◆ **TASK DETAILS**: Begin at the line that has "烹饪学院与重庆皓元食品有限公", stop after the line that has "이 사건 재판부는 마약류", and print exactly those lines from the records below, without any pictures.

<<<<

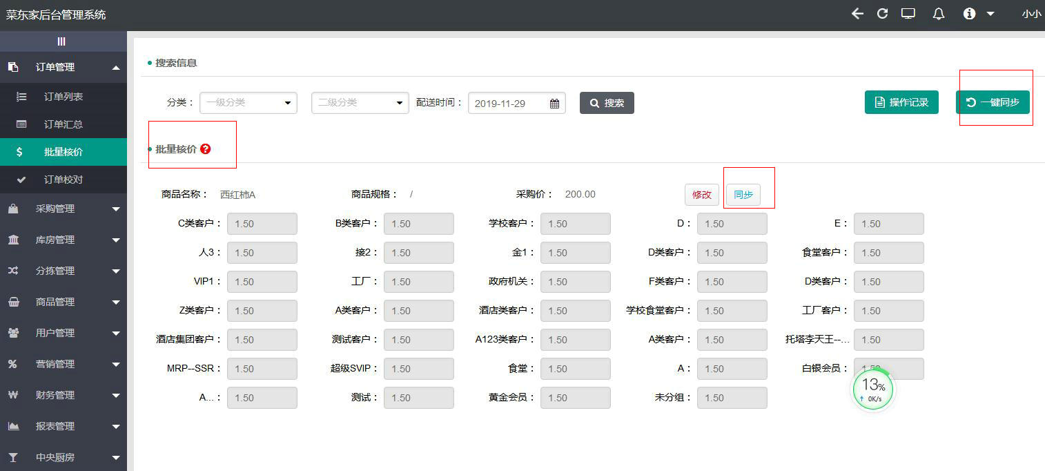 2、為了使每天菜品價格貼近市場的真實,在訂單管理系統(tǒng)的“批量核價”功能項中新增“一鍵同步”。 即:每次核價完成后,當(dāng)前配送時間下的訂單商品價格會自動改變,商品也會自動加上或改變報價公式;當(dāng)要修改的目標(biāo)值與框內(nèi)的值相同時,系統(tǒng)不會自行執(zhí)行操作, 如果確認(rèn)無誤目標(biāo)值與框內(nèi)的值一樣時,就點擊“同步”按鈕即為核實;如果有出入,就點擊“修改”處理。
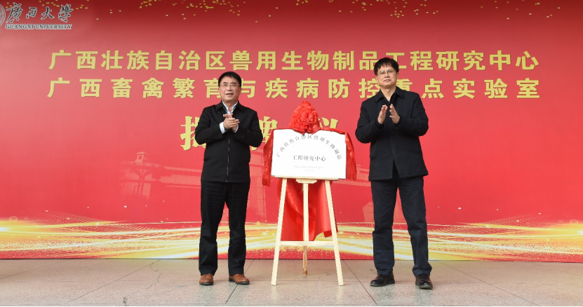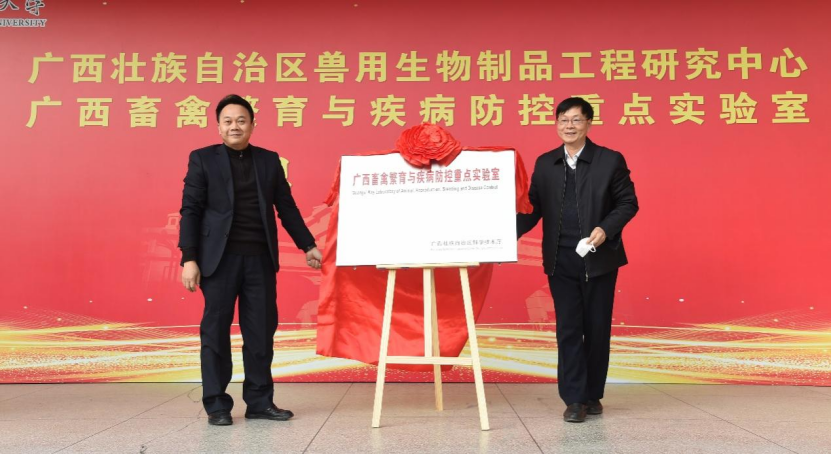 广西农业农村厅二级巡视员黄庭军和石德顺教授为广西畜禽繁育与疾病防控重点实验室揭牌
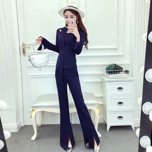 Online - 2018 Spring and Autumn new style temperament Slim fashion shirt high waist was thin split trumpet trousers two-piece suit Special Price
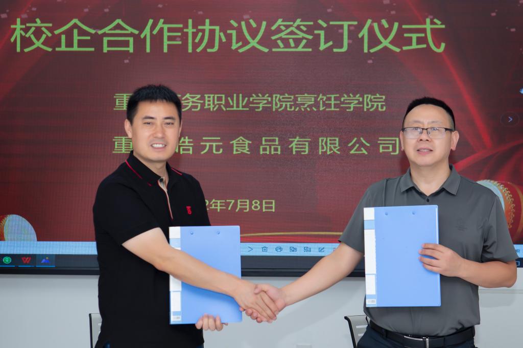 烹饪学院与重庆皓元食品有限公司签订校企合作框架协议,并授予重庆皓元食品有限公司“重庆商务职业学院烹饪学院实践育人基地”。
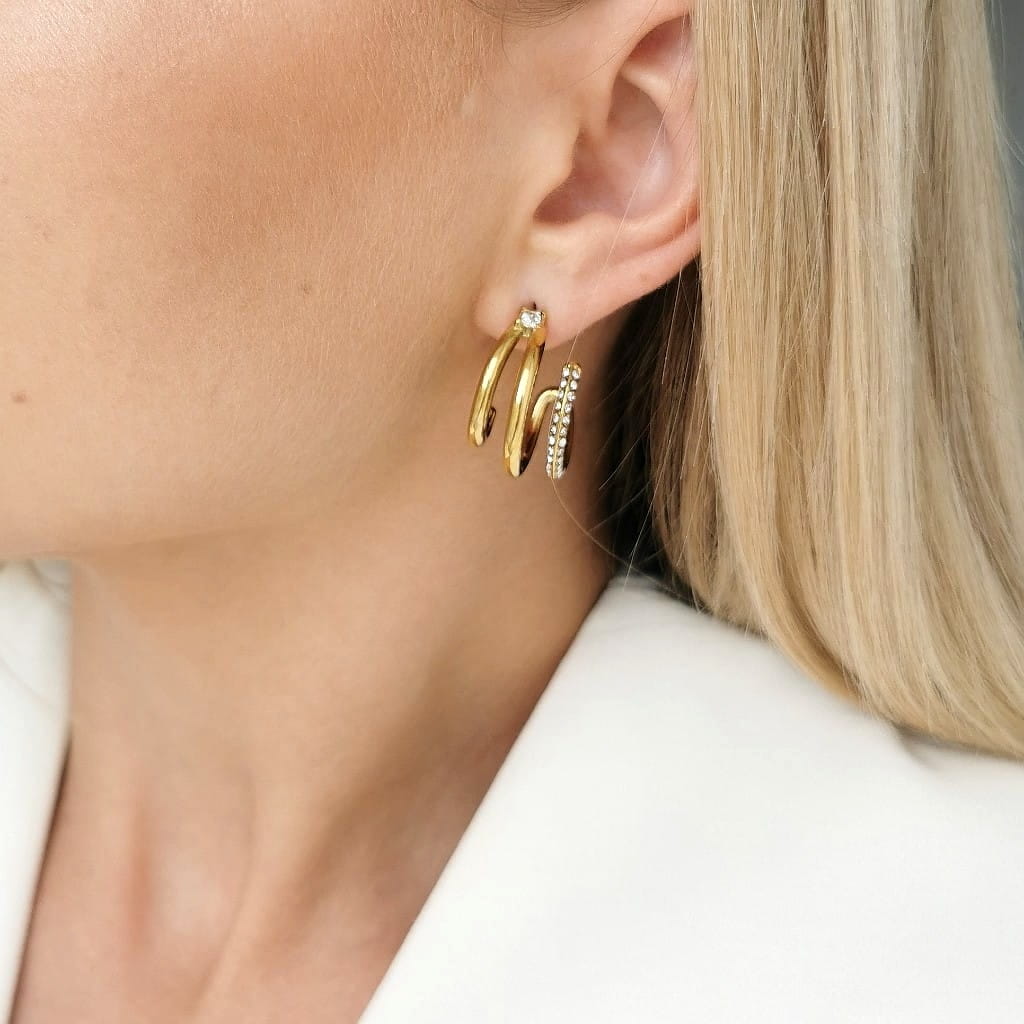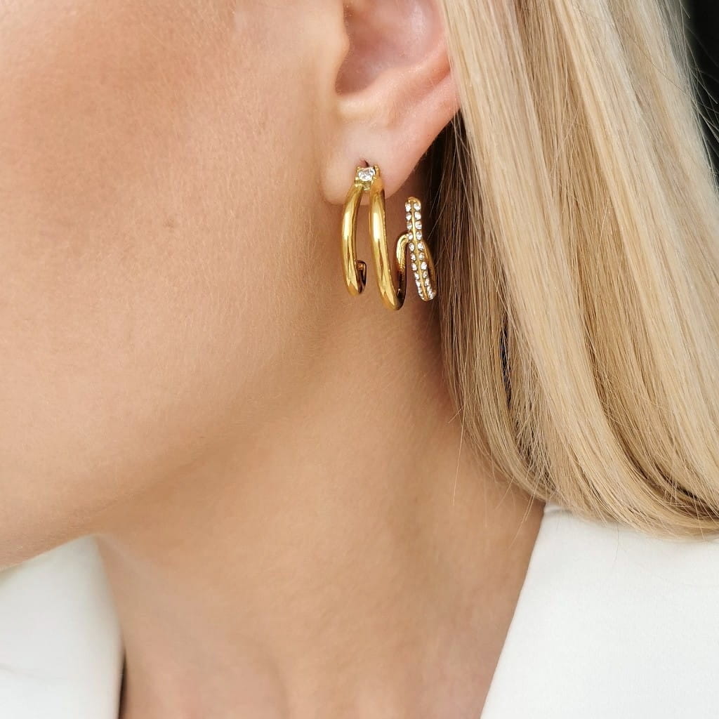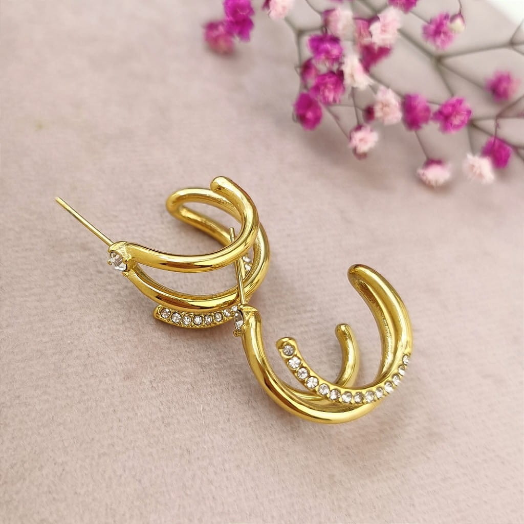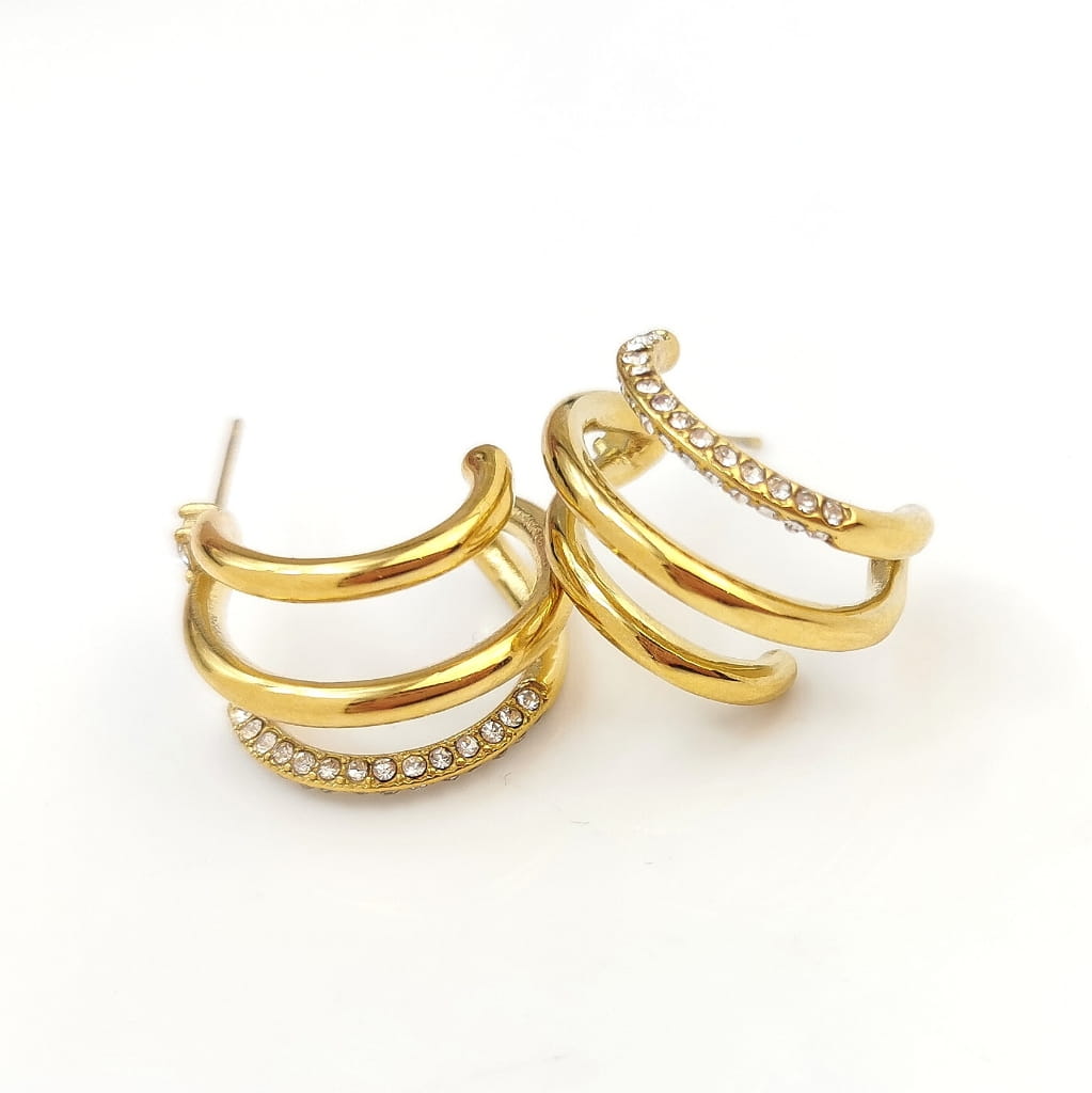 Kolczyki zawijane z kryształami ze STALI CHIRURGICZNEJ kolor złoty
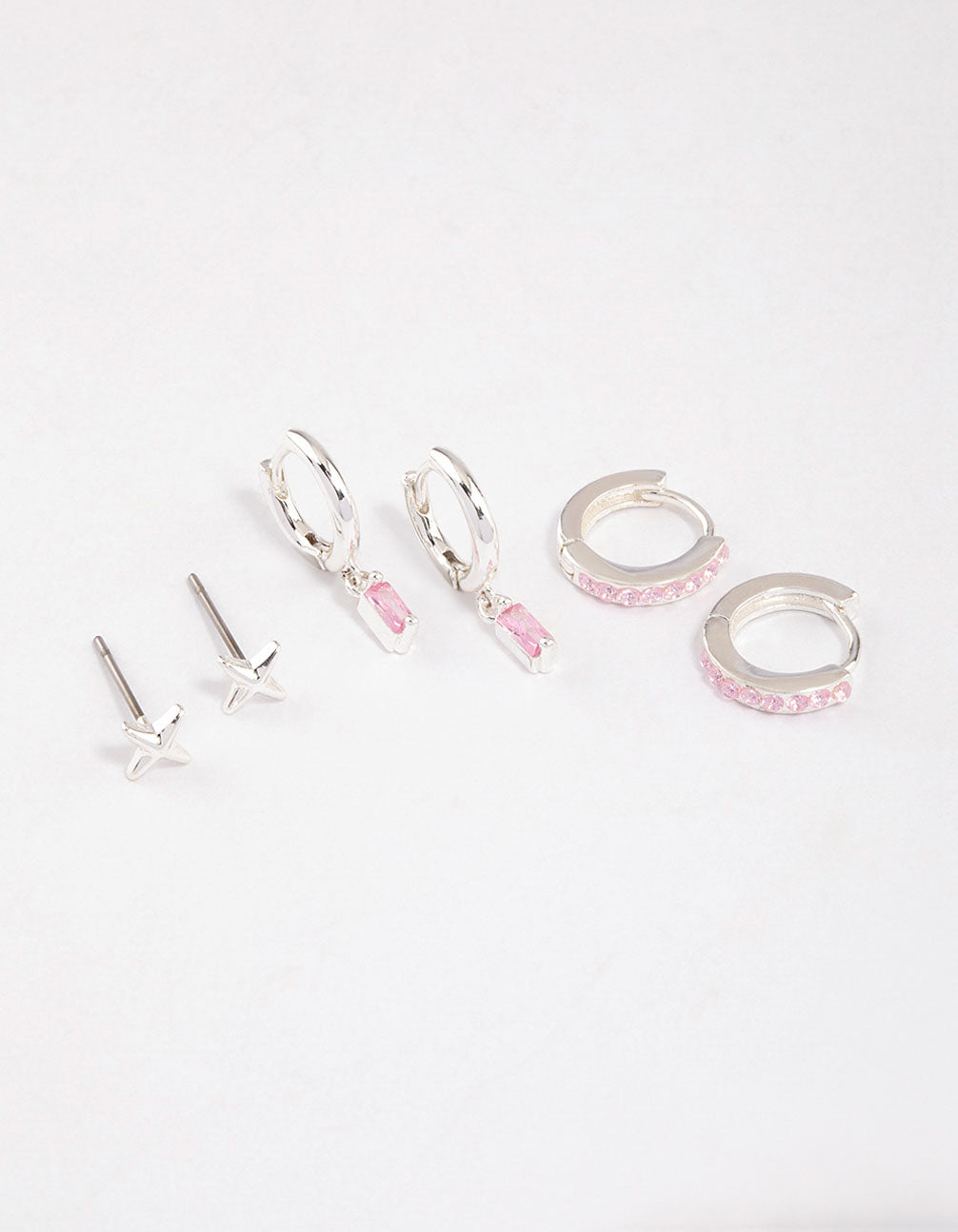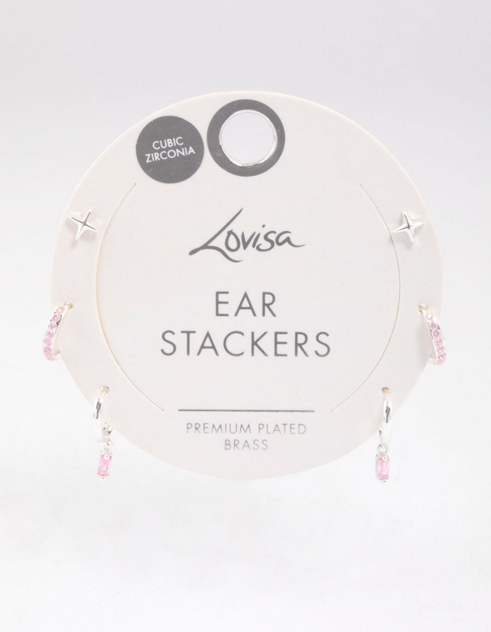 - This earring pack contains six earrings, designed with pink baguette stones for a Barbie-inspired look.
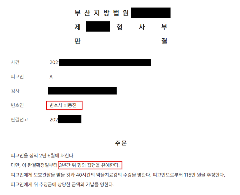 이 사건 재판부는 마약류 범죄에 대한 엄중한 처벌 필요성을 강조하면서도, 피고인인 의뢰인의 범행 동기(단순 투약 목적), 반성 여부, 전과 유무 등을 종합적으로 고려하여 집행유예 3년 및 40시간의 약물치료를 선고하였습니다. 이로써 의뢰인은 재범 방지 및 사회로 정상적으로 복귀할 기회를 얻게 되었습니다.
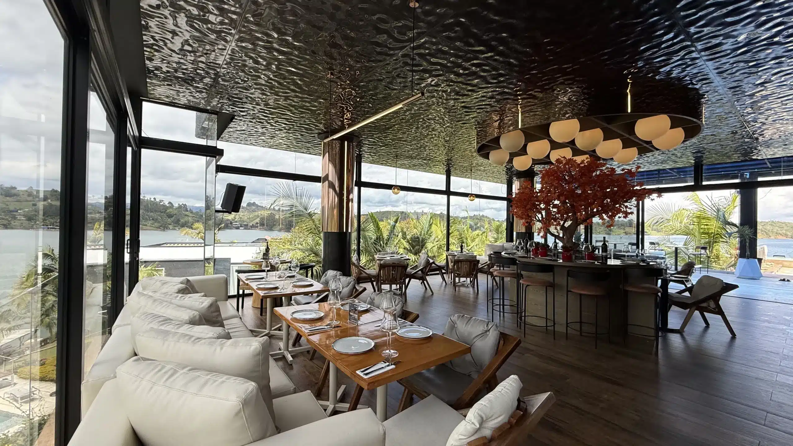 Amaré Guatapé es un restaurante único ubicado en Guatapé, que ofrece una experiencia culinaria de fusión mediterránea y latina en un entorno espectacular. Su principal atractivo es su vista panorámica de 360 grados a la represa de Guatapé, permitiéndote disfrutar de paisajes inigualables y atardeceres mágicos mientras saboreas sus platos.
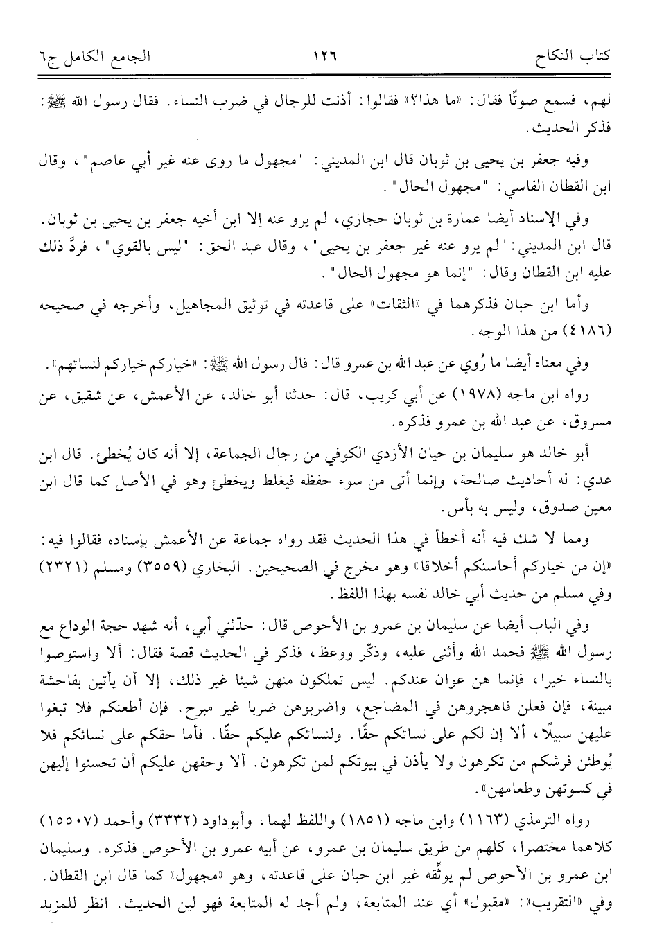 كتاب الجامع الكامل في الحديث الصحيح الشامل المرتب على أبواب الفقه (اسم الجزء: 6)

>>>>

◆ **SOLUTION TO THE EXERCISE**:
 烹饪学院与重庆皓元食品有限公司签订校企合作框架协议,并授予重庆皓元食品有限公司“重庆商务职业学院烹饪学院实践育人基地”。
 Kolczyki zawijane z kryształami ze STALI CHIRURGICZNEJ kolor złoty
 - This earring pack contains six earrings, designed with pink baguette stones for a Barbie-inspired look.
 이 사건 재판부는 마약류 범죄에 대한 엄중한 처벌 필요성을 강조하면서도, 피고인인 의뢰인의 범행 동기(단순 투약 목적), 반성 여부, 전과 유무 등을 종합적으로 고려하여 집행유예 3년 및 40시간의 약물치료를 선고하였습니다. 이로써 의뢰인은 재범 방지 및 사회로 정상적으로 복귀할 기회를 얻게 되었습니다.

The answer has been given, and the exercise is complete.